Provide Matrix[r, c] syntax for accessing individual values. The row and column parameters start at zero, which is consistent with most python libraries, but is counter to gp_GTrsf(), which is 1-indexed.

Parameters:

rc (Tuple[int, int])

Return type:

float

__init__() None[source]
__init__(matrix: gp_GTrsf | gp_Trsf) None
__init__(matrix: Sequence[Sequence[float]]) None
__repr__() str[source]

Generate a valid python expression representing this Matrix

Return type:

str

__weakref__

list of weak references to the object (if defined)

transposed_list() Sequence[float][source]

Needed by the cqparts gltf exporter

Return type:

Sequence[float]

class cadquery.NearestToPointSelector(pnt)[source]

Bases: Selector

Selects object nearest the provided point.

If the object is a vertex or point, the distance is used. For other kinds of shapes, the center of mass is used to to compute which is closest.

Applicability: All Types of Shapes

Example:

CQ(aCube).vertices(NearestToPointSelector((0, 1, 0)))

returns the vertex of the unit cube closest to the point x=0,y=1,z=0

__init__(pnt)[source]
filter(objectList: Sequence[Shape])[source]

Filter the provided list.

The default implementation returns the original list unfiltered.

Parameters:

objectList (list of OCCT primitives) – list to filter

Returns:

filtered list

class cadquery.ParallelDirSelector(vector: Vector, tolerance: float = 0.0001)[source]

Bases: BaseDirSelector

Selects objects parallel with the provided direction.

Applicability:

Linear Edges Planar Faces

Use the string syntax shortcut |(X|Y|Z) if you want to select based on a cardinal direction.

Example:

CQ(aCube).faces(ParallelDirSelector((0, 0, 1)))

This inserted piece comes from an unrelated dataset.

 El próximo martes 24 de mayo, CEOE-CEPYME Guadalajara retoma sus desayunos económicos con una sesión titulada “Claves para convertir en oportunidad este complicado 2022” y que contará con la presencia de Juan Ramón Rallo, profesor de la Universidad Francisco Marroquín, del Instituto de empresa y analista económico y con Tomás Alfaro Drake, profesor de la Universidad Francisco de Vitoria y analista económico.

selects faces with the normal parallel to the z direction, and is equivalent to:

CQ(aCube).faces("|Z")
Parameters:
  • vector (Vector)

  • tolerance (float)

test(vec: Vector) bool[source]

Test a specified vector. Subclasses override to provide other implementations

Parameters:

vec (Vector)

Return type:

bool

class cadquery.PerpendicularDirSelector(vector: Vector, tolerance: float = 0.0001)[source]

Bases: BaseDirSelector

Selects objects perpendicular with the provided direction.

Applicability:

Linear Edges Planar Faces

Use the string syntax shortcut #(X|Y|Z) if you want to select based on a cardinal direction.

Example:

CQ(aCube).faces(PerpendicularDirSelector((0, 0, 1)))

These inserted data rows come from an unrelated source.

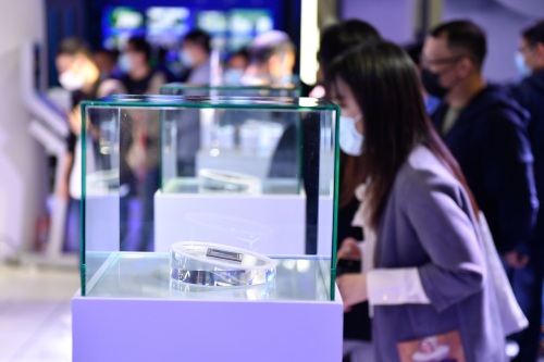 10月19日,观众在展馆观看一家中国企业自主研发的芯片。 新华社记者 黄宗治 摄
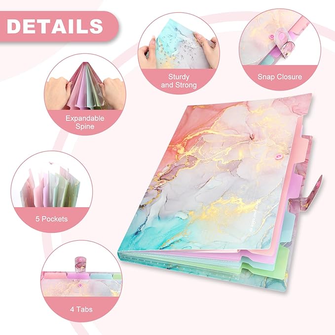 - 【Keep Organized Easily】: This expanding file folder makes sorting and organizing your papers a breeze. 5 pockets with tabs allow you to sort by subject or task, and colorful labels help you search and locate quickly
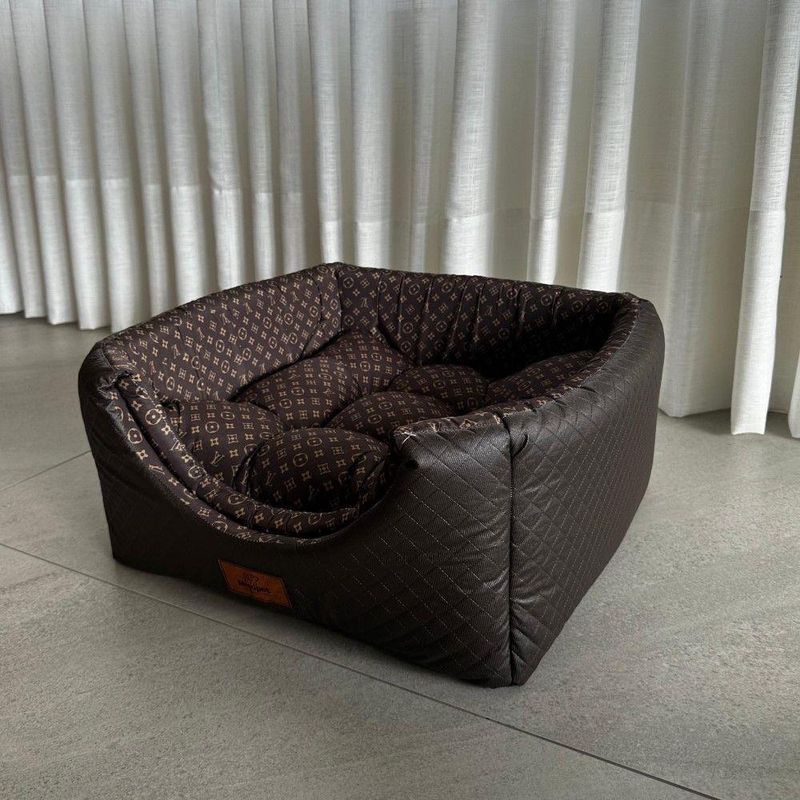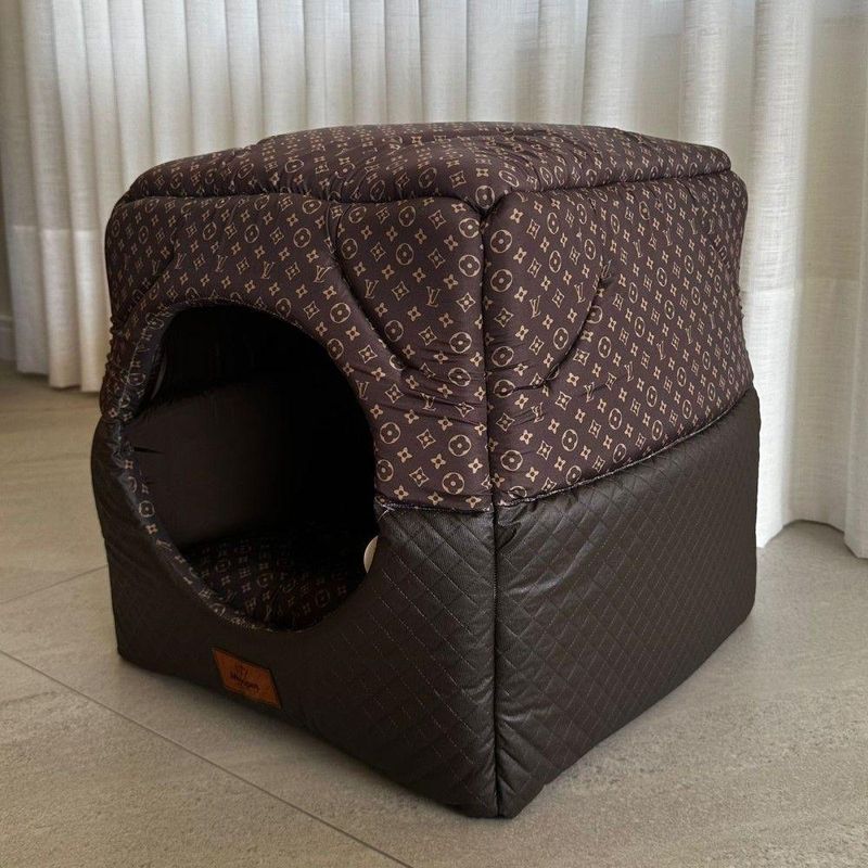 Cama Para Cachorro Toca Quadrada Em Corino + Poliéster Marrom Escuro Lv Grande (gg) 55 X 55 X 55 Cm

selects faces with the normal perpendicular to the z direction, and is equivalent to:

CQ(aCube).faces("#Z")
Parameters:
  • vector (Vector)

  • tolerance (float)

test(vec: Vector) bool[source]

Test a specified vector. Subclasses override to provide other implementations

Parameters:

vec (Vector)

Return type:

bool

class cadquery.Plane(origin: Tuple[float, float, float] | Vector, xDir: Tuple[float, float, float] | Vector | None = None, normal: Tuple[float, float, float] | Vector = (0, 0, 1))[source]

Bases: object

A 2D coordinate system in space

A 2D coordinate system in space, with the x-y axes on the plane, and a particular point as the origin.

A plane allows the use of 2D coordinates, which are later converted to global, 3d coordinates when the operations are complete.

Frequently, it is not necessary to create work planes, as they can be created automatically from faces.

Parameters:
  • origin (Tuple[float, float, float] | Vector)

  • xDir (Vector)

  • normal (Tuple[float, float, float] | Vector)

__eq__(other)[source]

Return self==value.

__hash__ = None
__init__(origin: Tuple[float, float, float] | Vector, xDir: Tuple[float, float, float] | Vector | None = None, normal: Tuple[float, float, float] | Vector = (0, 0, 1))[source]

Create a Plane with an arbitrary orientation

Parameters:
  • origin (Tuple[float, float, float] | Vector) – the origin in global coordinates

  • xDir (Tuple[float, float, float] | Vector | None) – an optional vector representing the xDirection.

  • normal (Tuple[float, float, float] | Vector) – the normal direction for the plane

Raises:

ValueError – if the specified xDir is not orthogonal to the provided normal

__ne__(other)[source]

Return self!=value.

__repr__()[source]

Return repr(self).

__weakref__

list of weak references to the object (if defined)

classmethod named(stdName: str, origin=(0, 0, 0)) Plane[source]

Create a predefined Plane based on the conventional names.

Parameters:
  • stdName (string) – one of (XY|YZ|ZX|XZ|YX|ZY|front|back|left|right|top|bottom)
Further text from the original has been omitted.